The rise of the far right

The far-right group are an undeniably strong presence in Forst. In the 2024 European elections the AfD won more than 30% of the vote in the town and up to 50% at some polling stations. All of the locals interviewed by FRANCE 24 knew at least one person who had voted for the group.

“We were slightly apprehensive when we arrived here. We asked ourselves: ‘Have we come to Nazi country?” says Kürten. “I don’t want to minimise the phenomenon of the rise of the AfD but I can’t say I’ve encountered any outright hostility,” he adds, acknowledging he might have received less of a warm welcome if his skin was a different colour.

Sebastian Kürten, who moved to Forst in 2020, opened the Villa Digitalkultur coworking space with his partner in 2023. 
© Sebastian Seibt, FRANCE 24

Mayor Taubenek does not see a link between the rise of the AfD and local economics. “The government’s health policy during the Covid-19 pandemic gave rise to a good deal of discontent, and the government’s stance on Ukraine and its migration policy have all caused a protest vote,” she says.

Outside of the Kaufhof, the town’s main shopping centre, one AfD voter, Karsten, says he supported the party because “the mainstream parties have done nothing for us and offer us no prospects".

“It's about time we put Germans first, not immigrants,” adds his friend, René.

Suzie says that she won’t be voting for AfD on Sunday but she won’t vote for any of the major traditional parties either. “We can’t solve everything only with green energy,” she says of the town’s economic problems.

The government has promised regions like Lusatia, which were largely dependent on coal and a former thriving textile industry, tens of billions of euros to support their “green transition.” But most locals said they were “waiting to see” evidence of green investments in Forst so far.

“A lot of people are very attached to the mining industry which provided a lot of jobs.
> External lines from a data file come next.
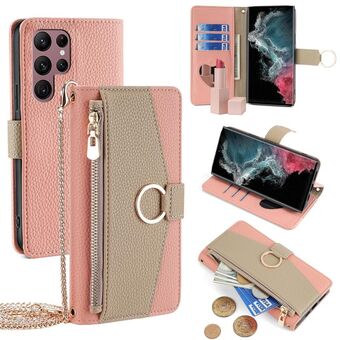 For Samsung Galaxy S22 Ultra 5G Splicing Zipper Wallet Vegan Leather Phone Case with Strap(Black)
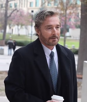 Peter Grossman apareceu pessoalmente vestindo um terno preto sob um casaco escuro para se proteger da chuva forte e do vento em Van Nuys.
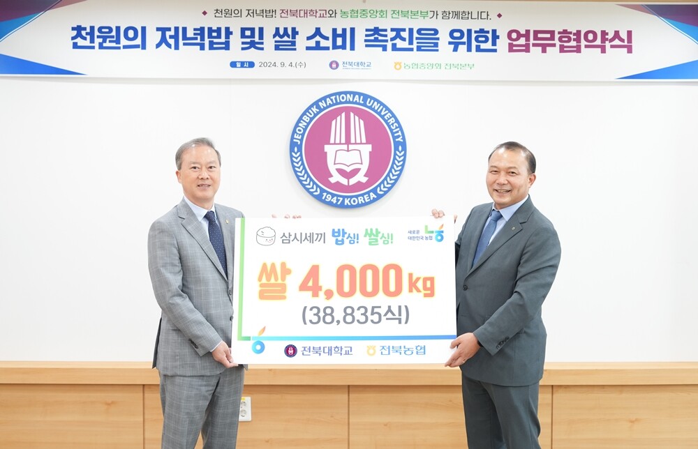 [대학저널 온종림 기자] ‘천원의 아침밥’을 통해 학생들에게 든든한 하루의 시작을 선물하고 있는 전북대학교가 농협중앙회 전북본부와 함께 2024년도 2학기‘천원의 저녁밥’을 운영하기로 했다.

For them coal is part of a local tradition,” says Kürten. “They feel abandoned by the government, which wants to go all out on renewable energy and there’s a certain hostility towards anything involving wind turbines or solar power plants.

Abandoned fabric workshops along the canal that runs through the town of Forst. 
© Sebastian Seibt, FRANCE 24


A meeting place

Kürten does not regret his decision to “escape the noise and the crowds of the big city” and move to Forst.

“What other people see as disadvantages, I see as opportunities,” he says. “For example, all the empty buildings mean that property prices are low here. My partner and I would never have been able to rent a space of this size in Berlin for a project like Villa Digitalkultur.”

Their project is not just a coworking space. They organise film viewings for young people and “repair” evenings where anyone can bring objects they want to repair and work on them together as a team. Their goal is to “provide a space and an excuse for locals to get together”, Kürten says.

This is something the town needs, says Ralph, a regular at the repair evenings. In Forst, “when people come home from work they go into their houses and don’t step foot outside again”, he says.

“We maybe have a few restaurants here but there’s no bar here anymore where we can get a drink that isn’t too expensive and catch up,” adds Björn, another regular at Villa Digitalkultur.

They agree that the outlook in Forst tends towards “resignation and seeing the worst in everything” – a sense of pessimism that may well fuel the extremist vote in Sunday's parliamentary elections.

Although Mayor Taubenek says this defeatist outlook is mistaken. “If you ask the population, some of them will say that they've been left behind in Brandenburg but there are jobs,” she says. “In fact, there's a lack of communication from local business about the fact that economic activity exists here.”

This article was adapted from the original in French.